### Work task:
Using the material below, repeat exactly the lines from the one with "ミシンを使って袋づくりをして" through the one with "Mobile soggiorno ad", ends included, without any images.

### Source material:
______________________________

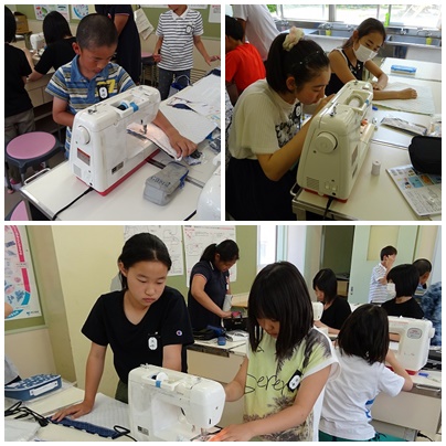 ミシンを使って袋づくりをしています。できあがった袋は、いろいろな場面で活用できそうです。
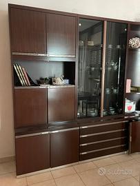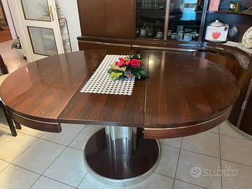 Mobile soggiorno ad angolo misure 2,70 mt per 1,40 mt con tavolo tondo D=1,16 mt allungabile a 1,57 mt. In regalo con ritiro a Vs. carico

______________________________

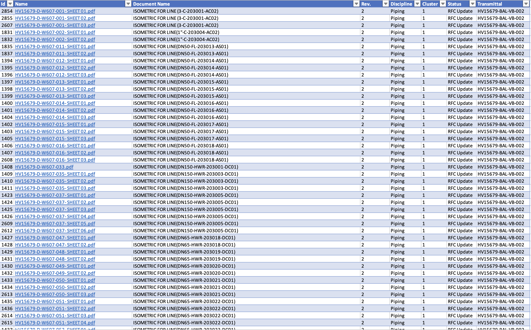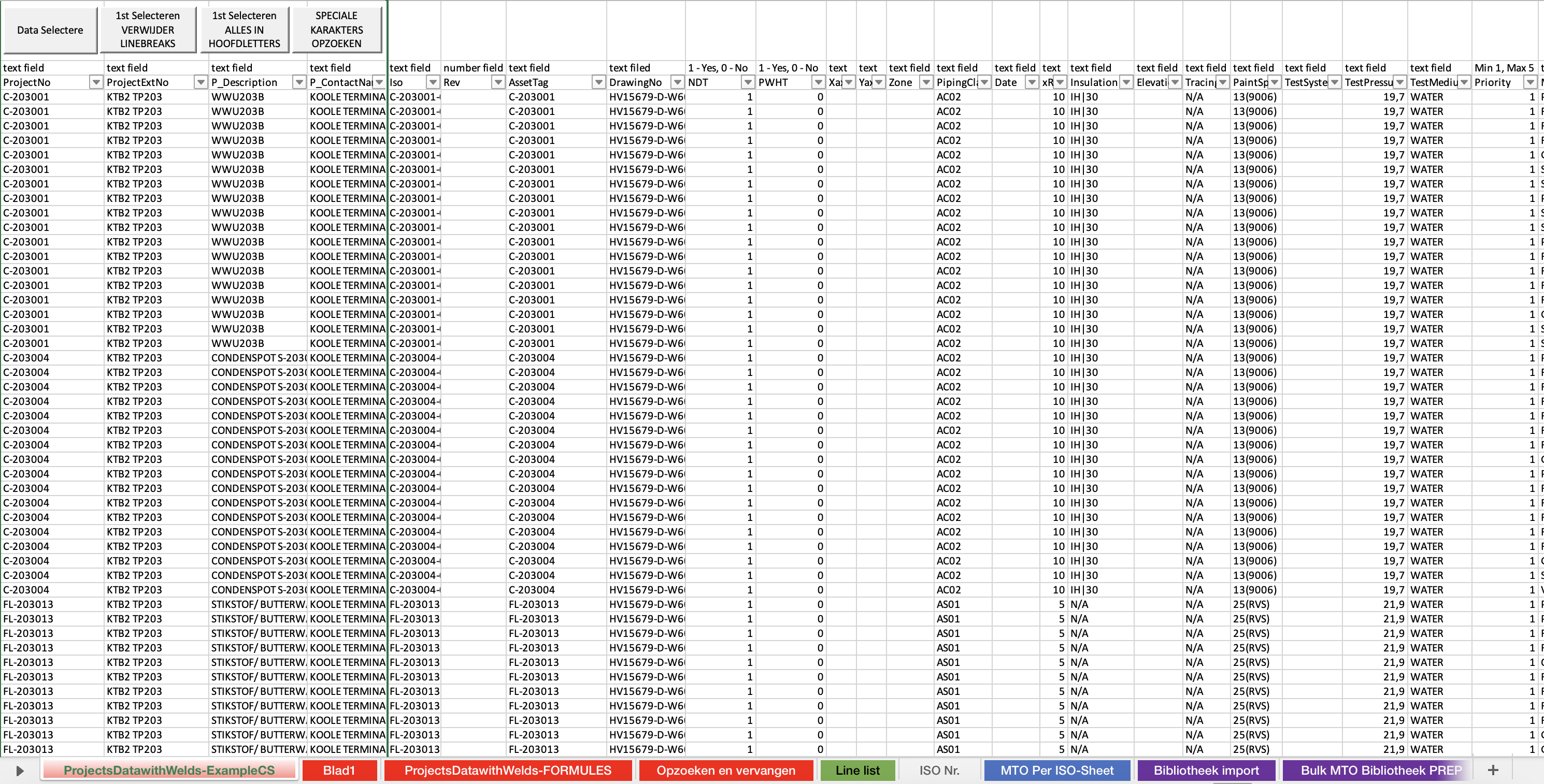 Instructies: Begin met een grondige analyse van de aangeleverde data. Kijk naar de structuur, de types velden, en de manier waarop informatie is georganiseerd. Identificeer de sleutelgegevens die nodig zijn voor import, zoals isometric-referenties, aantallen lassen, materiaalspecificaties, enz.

______________________________

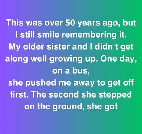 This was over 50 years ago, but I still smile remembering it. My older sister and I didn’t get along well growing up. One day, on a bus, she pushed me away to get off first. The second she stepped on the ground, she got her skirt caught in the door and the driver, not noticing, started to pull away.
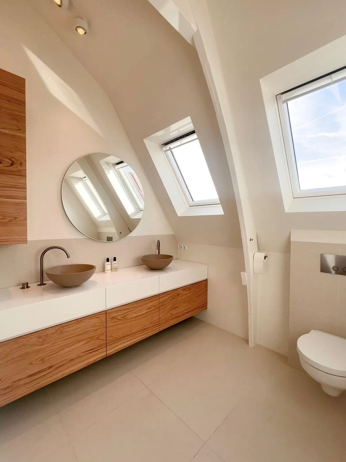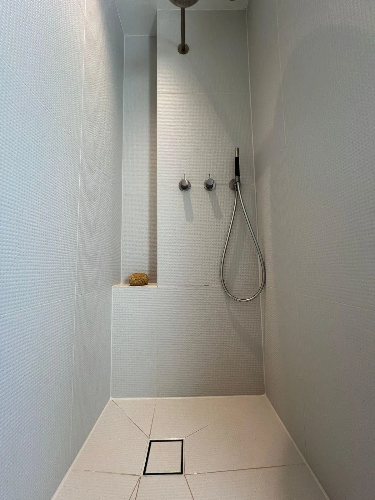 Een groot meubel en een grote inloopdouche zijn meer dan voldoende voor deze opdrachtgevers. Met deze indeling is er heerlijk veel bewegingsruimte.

______________________________

### Task output:
 ミシンを使って袋づくりをしています。できあがった袋は、いろいろな場面で活用できそうです。
 Mobile soggiorno ad angolo misure 2,70 mt per 1,40 mt con tavolo tondo D=1,16 mt allungabile a 1,57 mt. In regalo con ritiro a Vs. carico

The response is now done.